During the global pandemic, most doctors and their support personnel are making great sacrifices to provide the best possible outcomes for patients. I applaud their efforts to work with limited resources for many months.
Patients Seek Modern Remedies
With many variables, it is not uncommon for urban doctors to see a couple thousand patients per year. This is the panel size. The panel size determines how much time physicians can devote to each patient. Eliminating the patients who do not visit doctors at all, some see physicians only for annual checkups.

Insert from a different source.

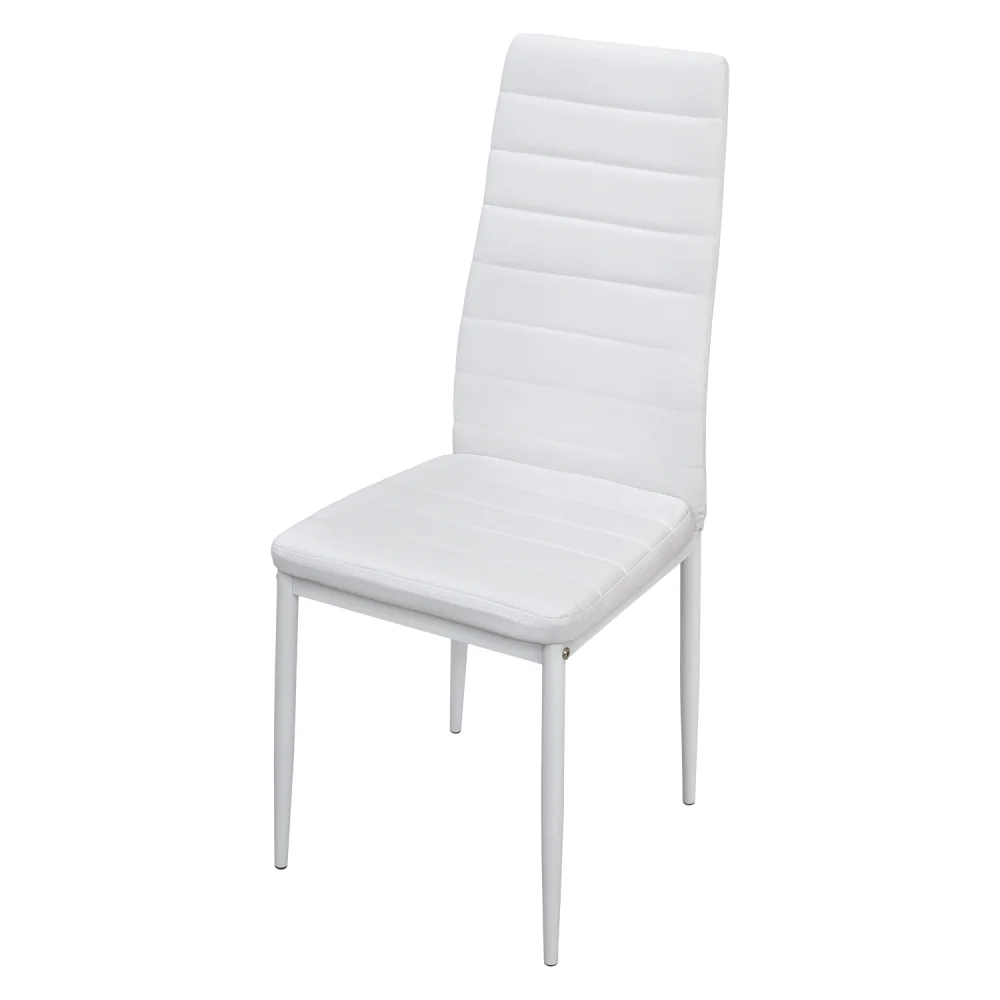 Jídelní židle VINACEUM v bílé barvě přináší elegantní kombinaci pohodlí a moderního vzhledu do vašeho jídelního prostoru. Potah je z imitace kůže, která působí luxusně a je snadno udržovatelná, zatímco pevná kovová konstrukce a nohy zajišťují stabilitu i při každodenním používání.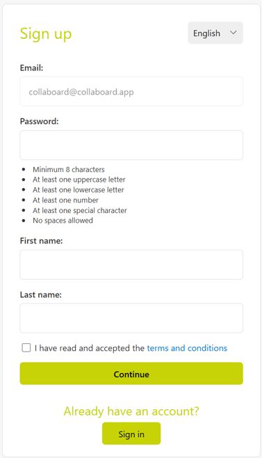 In Collaboard you have several options to create an account. You can register an account using your email address or use your Google, M365 or Apple account. Alternatively your organization can setup Single Sign-On.

Patients with chronic ailments visit more frequently. If you are like most patients, you feel helpless between visits. Others, called e-Patients, research their symptoms online—especially when they have uncommon ailments.

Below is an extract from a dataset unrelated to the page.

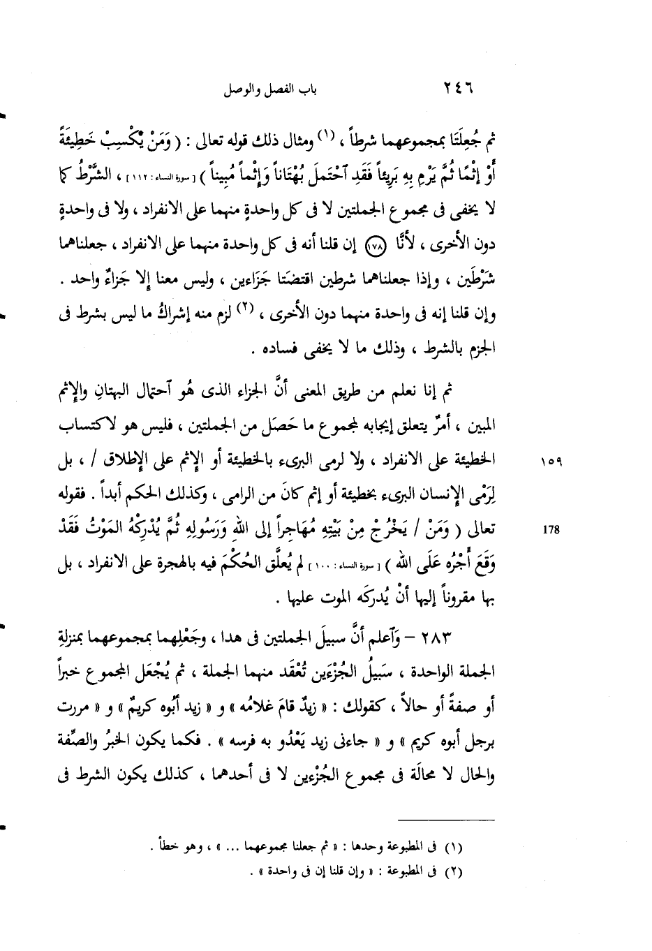 ثم إنا نعلم من طريق المعنى أن الجزء الذي هو احتمالُ البهتانِ والإِثمِ المبينِ، أمرٌ يتعلَّقُ إيجابُه لمجموعِ ما حصلَ منَ الجملتين، فليس هو لاكتساب الخطيئةِ على الانفرادِ، ولا لرمي البرئ بالخَطيئةِ أو الإِثم على الإِطلاق، بل لِرمْي الإنسان البرئ بخطيئةٍ أو إثمٍ كانَ مِنَ الرامي، وكذلك الحكْمُ أبداً. فقولُه تعالى: {وَمَنْ يَخْرُجْ مِنْ بَيْتِهِ مُهَاجِرًا إِلَى اللَّهِ وَرَسُولِهِ ثُمَّ يُدْرِكْهُ الْمَوْتُ فَقَدْ وَقَعَ أَجْرُهُ عَلَى اللَّهِ} [النساء: 100] لم يُعلَّقِ الحكْمُ فيه بالهجرةِ على الانفراد، بل بها مَقْروناً إليها أنْ يُدرِكَهُ الموتُ عليها.

You have a vested interest when seeking a cure for yourself or a loved one. Medical research, once veiled and only for the privileged, is now available to all on the internet. If you are able to sift through the inaccuracies and conspiracy theories, you can discover cutting-edge health solutions.
Even without credentials, as a studious patient, you can learn medical theory from clinical studies. You may then grasp and suggest new treatment options for your individual symptoms.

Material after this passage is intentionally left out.